## To do
After locating the line with "格力(GREE) 1.5匹空调 变频冷暖一级能效家用卧室壁挂式挂机" below, output it and each following line exactly, stopping after the line with "Boudreaux’s Butt Paste". No pictures.
*** Opening of Information given ***
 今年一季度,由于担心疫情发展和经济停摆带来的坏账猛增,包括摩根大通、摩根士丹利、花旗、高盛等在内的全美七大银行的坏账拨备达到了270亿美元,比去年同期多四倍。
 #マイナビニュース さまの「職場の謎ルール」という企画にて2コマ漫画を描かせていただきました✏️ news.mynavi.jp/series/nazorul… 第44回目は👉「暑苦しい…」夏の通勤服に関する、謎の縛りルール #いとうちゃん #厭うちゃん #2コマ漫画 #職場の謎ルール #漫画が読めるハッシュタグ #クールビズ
*** Close of Information given ***
*** Opening of Information given ***
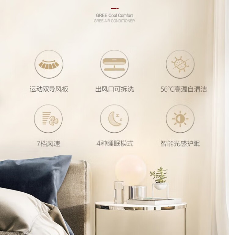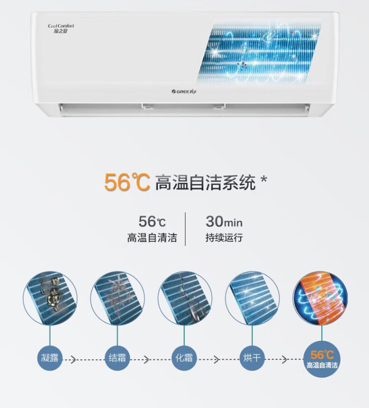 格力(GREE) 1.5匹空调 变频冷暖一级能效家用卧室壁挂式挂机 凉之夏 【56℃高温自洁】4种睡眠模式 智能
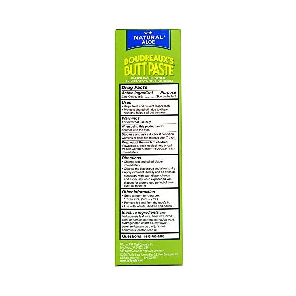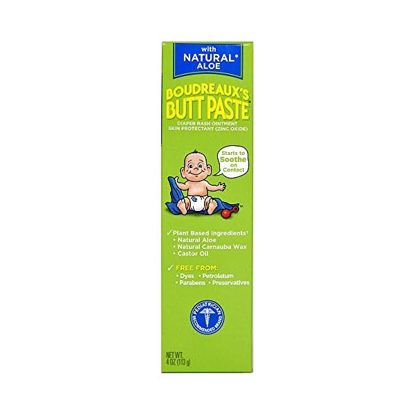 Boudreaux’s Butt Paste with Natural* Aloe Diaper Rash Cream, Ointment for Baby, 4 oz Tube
*** Close of Information given ***
## Answer section
 格力(GREE) 1.5匹空调 变频冷暖一级能效家用卧室壁挂式挂机 凉之夏 【56℃高温自洁】4种睡眠模式 智能
 Boudreaux’s Butt Paste with Natural* Aloe Diaper Rash Cream, Ointment for Baby, 4 oz Tube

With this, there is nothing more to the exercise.